Tiba-tiba saja kami menemukan jawabannya dikala berada pada markas-markas para pejuang dakwah. Di kala kami melihat dalam markas para pejuang dakwah banyak dipenuhi dengan topik pembicaraan seputar akhwat, perbuatan sia-sia yang menjadi kebiasaan; nonton film kartun berjamaah, nonton video yang di dalamnya terpampang aurat wanita berjamaah, sms-an dengan wanita yang bukan mahram tanpa alasan syar`i, permaianan game dilakukan hampir setiap hari, lebih sering mendengarkan nasyid dari pada mendengarkan Alquran, aktivitas begadang yang hampir tiap malam tanpa ada urusan yang sangat penting. Sholat lail yang ditinggalkan, sholat dua rakaat sebelum subuh jarang dilakukan, bahkan terlalu sering masbuk sholat lima waktu, padahal para pejuang dakwah tersebut telah tinggal di dalam masjid ataupun bedomisili di sekitar masjid. Dzikir pagi petang diganti dengan tidur pagi petang. Lebih sering duduk dengan laptop dari pada bersilaturrahim ke rumah mad’u, para objek dakwah. Rasa kepemilikan terhadap hak milik orang lain telalu tinggi sehingga menggunakan barang; sandal, dll yang dimiliki orang lain menjadi hal yang biasa bagi para pejuang dakwah tersebut.
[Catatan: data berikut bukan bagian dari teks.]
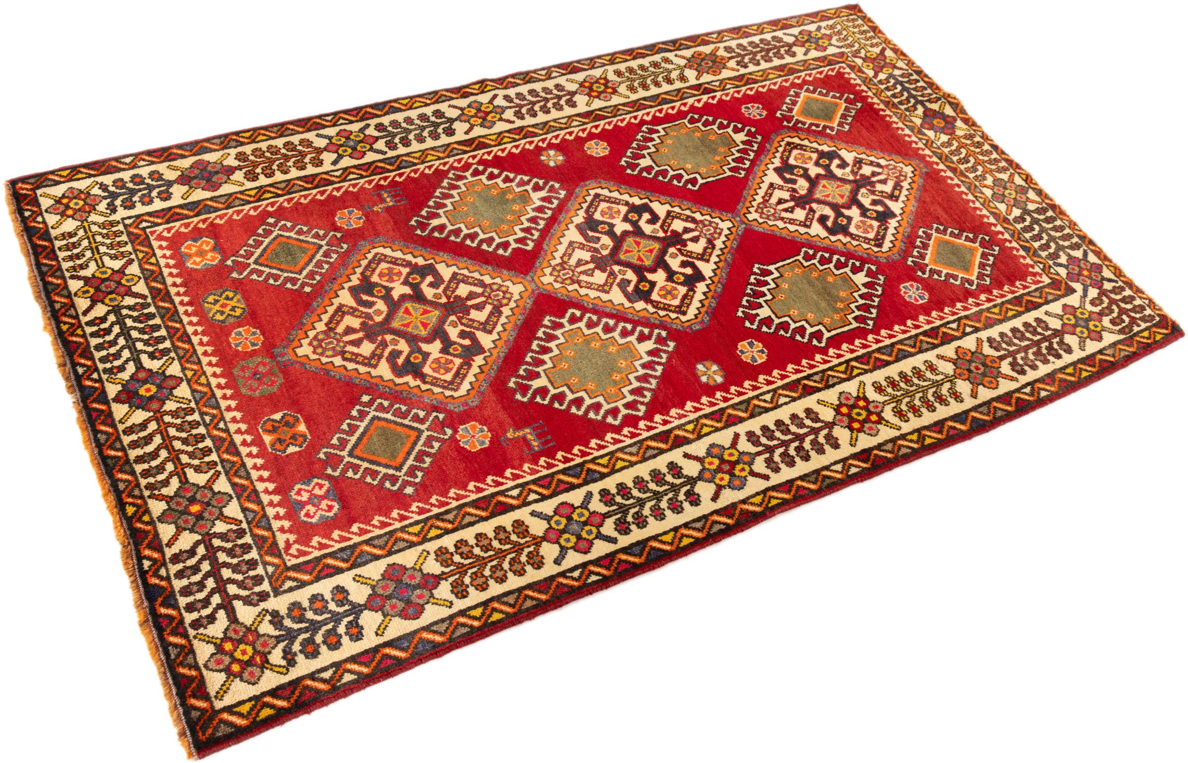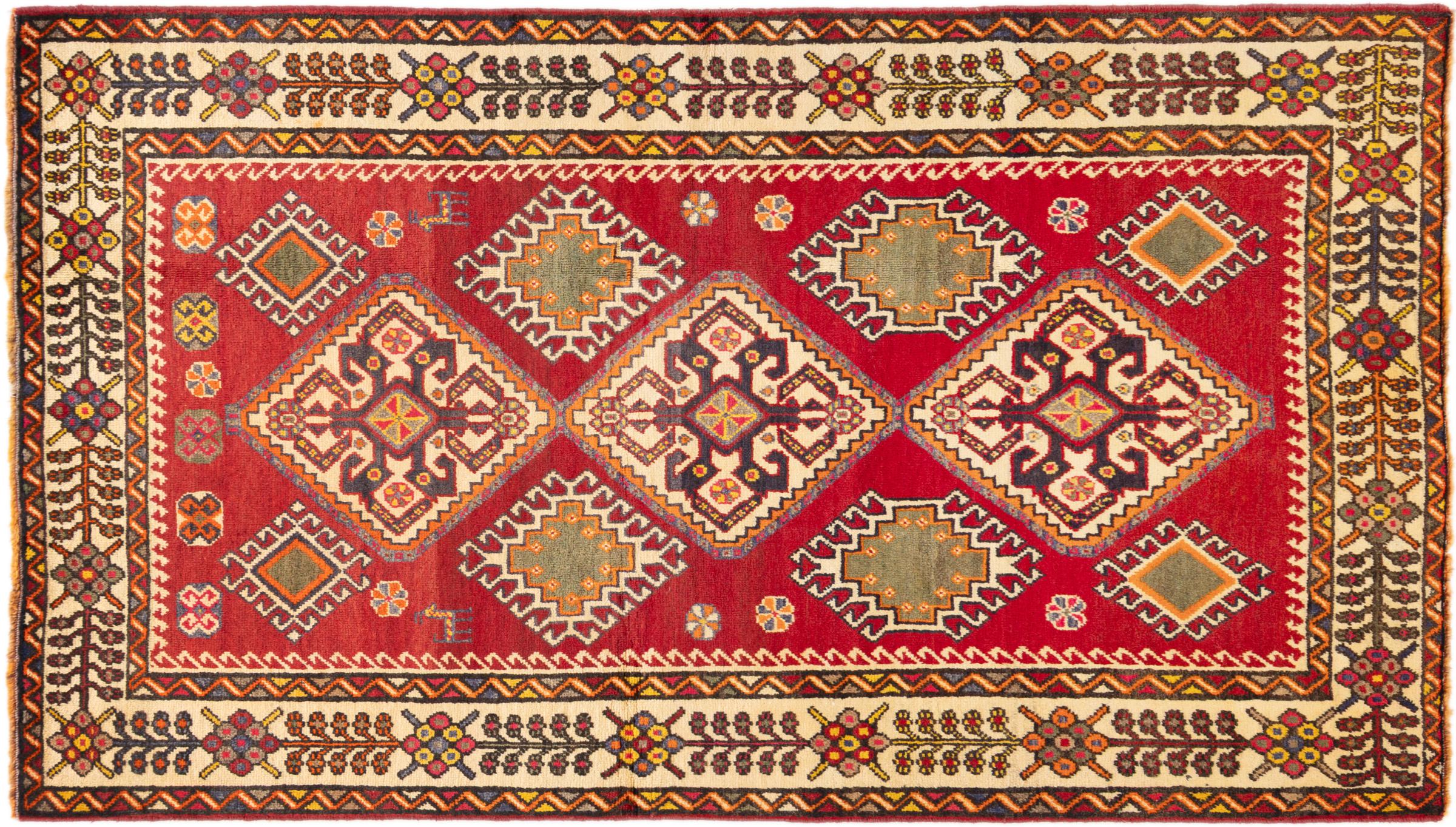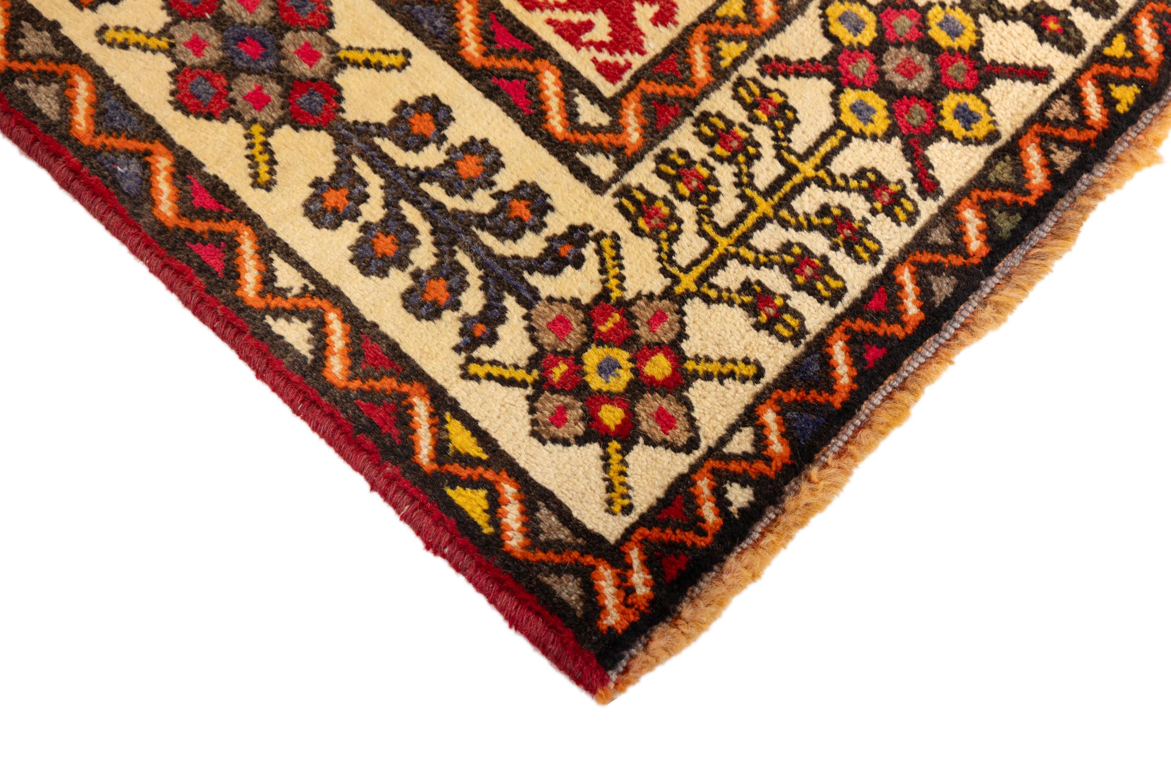 Tapijt ID: 295185007795 Grootte: 202x112 cm Dikte: ap. 15 mm Knoopdichtheid: 72 000 - 90 000 / m² Verwerking: Handgeknoopte Pool: Hand gesponnen wol Schering: Wol Oorsprong: Perzië / Iran Leeftijd: Oud, 30-50 jaar Gewicht: ap. 7 kg Ook wel bekend als Gabbe, Ghabbeh Op voorraad: Uniek - Nog maar 1 op voorraad

Melihat kenyataan ini mengingatkan kami dengan tausiah ust. Ihzan Zainuddin bahwa sesunguhnya keburukan itu walaupun tampaknya kuat namun sesunguhnya akarnya lemah. Kemenangan bagi perjuangan Islam sebenarnya bukan perkara sulit. Kemenangan Islam telah berada di ambang pintu, hanya saja saat ini, Allah subhanahu wata’ala belum menemukan orang yang tepat untuk diberikan pertolongan itu, karena kata Umar Bin Khattab radhiallu ‘anhu, kemenangan bukanlah melalui kekuatan kita, namun kemengan itu melalaui pertolongan Allah subhanahu wata’ala.
Sebenarnya begitu mudah bagi Allah subhanahu wata’ala untuk menegakkan agama-Nya di kampus. Menjadikan setiap mahasiswa bertakwa kepada-Nya lewat berbagai program dakwah yang kita telah gencarkan. Namun Allah subhanahu wata’ala belum menemukan orang di kampus yang pantas menerima pertolongan-Nya tersebut.
Sumber: Akhyar, Andi Muh. 2017. Aktivis Dakwah Kampus: Problematika dan Solusi. Yogyakarta: Penerbit AG Ligtera.